McCain hopes that in 2008 pro-life Republicans will remember his pro-life record. But they will know that, regarding presidents and abortion, what matters are Supreme Court nominees. McCain favors judges who think the Constitution is so radically elastic that government regulation of speech about itself is compatible with the First Amendment. So Republican primary voters will wonder: Can President McCain be counted on to nominate justices who would correct such constitutional elasticities as the court's discovery of a virtually unlimited right -- one unnoticed between 1787 and 1973 -- to abortion?
McCain told Imus that he would, if necessary, sacrifice ``quote First Amendment rights'' to achieve ``clean'' government. If on Jan. 20, 2009, he were to swear to defend the Constitution, would he be thinking that the oath refers only to ``the quote Constitution''? And what would that mean?
So do Senators... and so did my son.
One of the proudest days of my life, my son called out of the blue and said, "well dad, I took the oath"....
I'm generally the last guy who wants to interrupt some good McCain bashing, but he wasn't the elected official who signed that asinine bill into law.
I know alot of people who really like this disgrace of a public servant and who would like to see him be president. When I mention the illegal campaign finance "reform" act that he is responsible for most people either agree with him, or their eyes just glaze over. Be afraid.
He is responsible for writing the bill and getting it passed. But don't forget President Bush, he is responsible for allow this illegal piece of garbage to pass by not vetoing it. There is plenty of blame to go around on this one.
He actually read it? Man, he could've fooled me. Our points of quarrel start at his views on the First amendment and just keep getting worse as we go down the line.
No doubt.
Correct it was signed by a big government president, but, he WROTE it!.
I fervently believe and hope that the political Republican Primary process will dump this turkey back to Az, FROM WHERE HE CAME. This certifiable idiot has already done extreme and calamitous damage to the Constitution of the US, qualifing himself as a "domestic enemy" with his McCain- Feingold bill that destroyed the first amendmentof the constitution of the US. This guy is one sick puppy.
No more lobbyists, no more groups like HillPac or Soros sticking their noses in elections they have no business being involved in and people would register to vote and become involved because they would have real power. And the politicians like McCain would have their butts at home because that's the only place they could raise $$$.
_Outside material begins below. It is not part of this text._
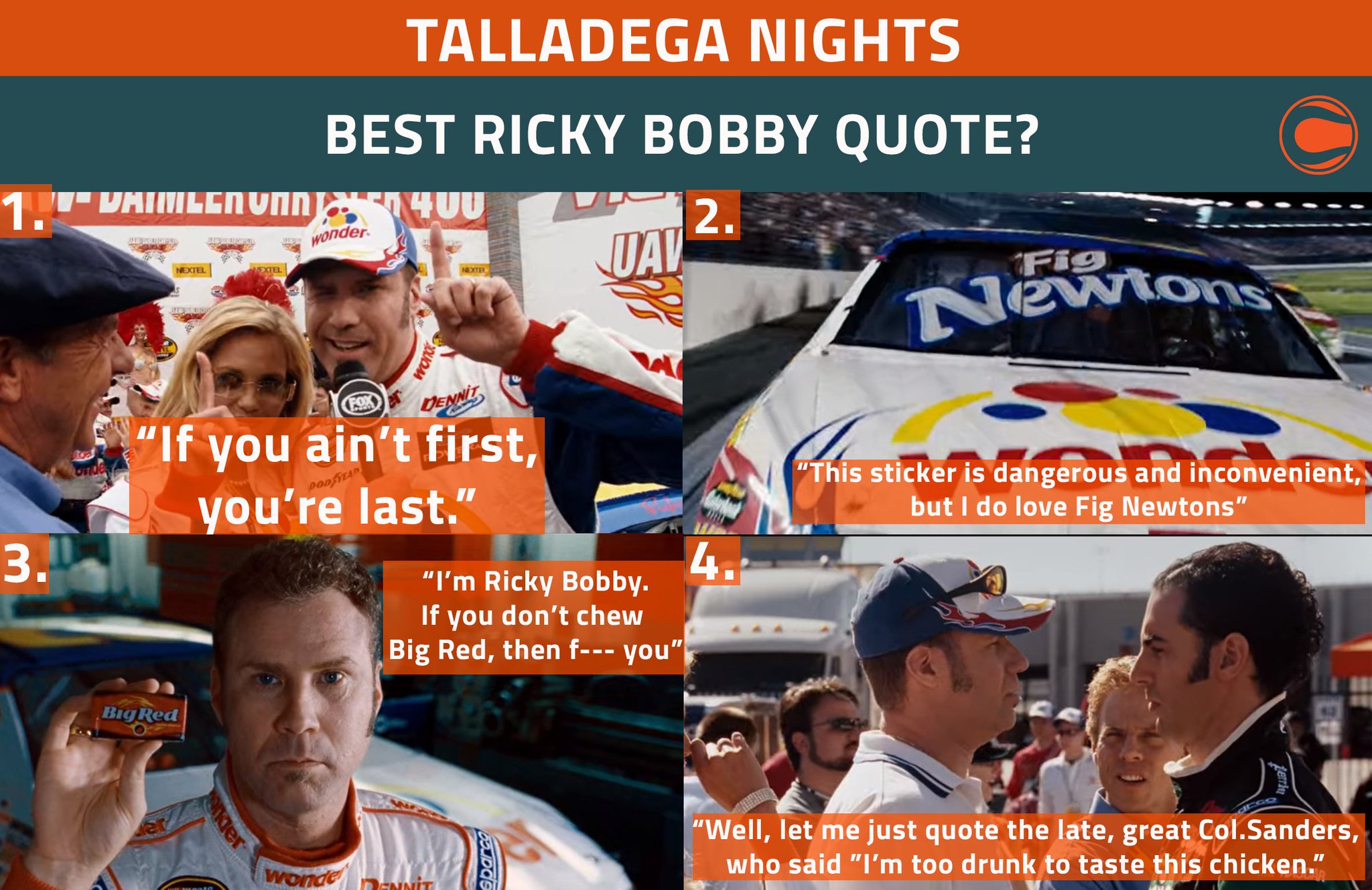 Natural wood or black or white bamboo frames. 226 votes 16 comments. Unique Fig Newtons stickers featuring millions of original designs created and sold by independent artists. Incorrect mistakes and their corrections for Talladega Nights. Ricky Bobby will never be the same after this fateful crashTalladegaNights RickyBobby CrashWatch now on Google Play. Incorrect mistakes and their corrections for Talladega Nights. Shop Ricky Bobby Fig Newton comforters featuring original art of your favorite thing made by artists who love that thing too. High quality Ricky Bobby Fig Newton-inspired gifts and merchandise. Reilly Sacha Baron Cohen Gary Cole.

~LOL~ he hardly ever sets foot in the state.. was here a few days during Easter break and managed to get red in the face (from anger) when he made it to Sun City and started talking open borders. The guy is a Grade A fraud.
Congratulations for a great son.
I voted for GWB twice. And that was for one reason- the war on terror. He is the only president that can lead us in this war. But, I really believe that bush signed this bill as a political maneuver THINKING that SCOTUS would kill it. They killed part of it, but accepted part of it. So this Idiot McCain bill became law of the land. WE CANNOT HAVE THIS TURKEY AS OUR CANDIDATE IN 08! And Guilliani isn't any better! They're both RINO's.
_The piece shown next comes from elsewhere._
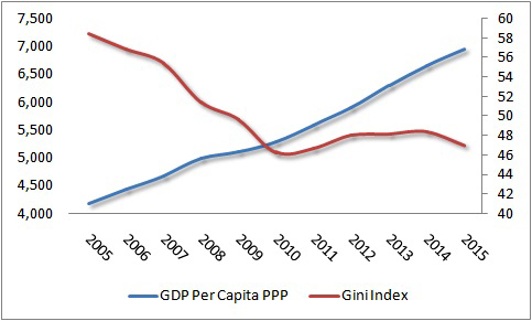 Figure Bolivian Per Capita Income and Gini Index, 2005-2015

It's obvious that most of our elected officials have no clue what the constitution says nor do they care.
"The Constitution? You mean that paper in the bathroom?"
-John McCain
McCain is correct, the money in politics does corrupt. Remember the "Keating 5"? It was originally SIX. McCain got a pass, Alan Cranston (D-CA) was too sick to be prosecuted, and Don Riegle (D-??) didn't run again. Can't remember the others, all dems. Funny how McCain hinted indirectly that his colleagues can be (or have been) corrupted by money.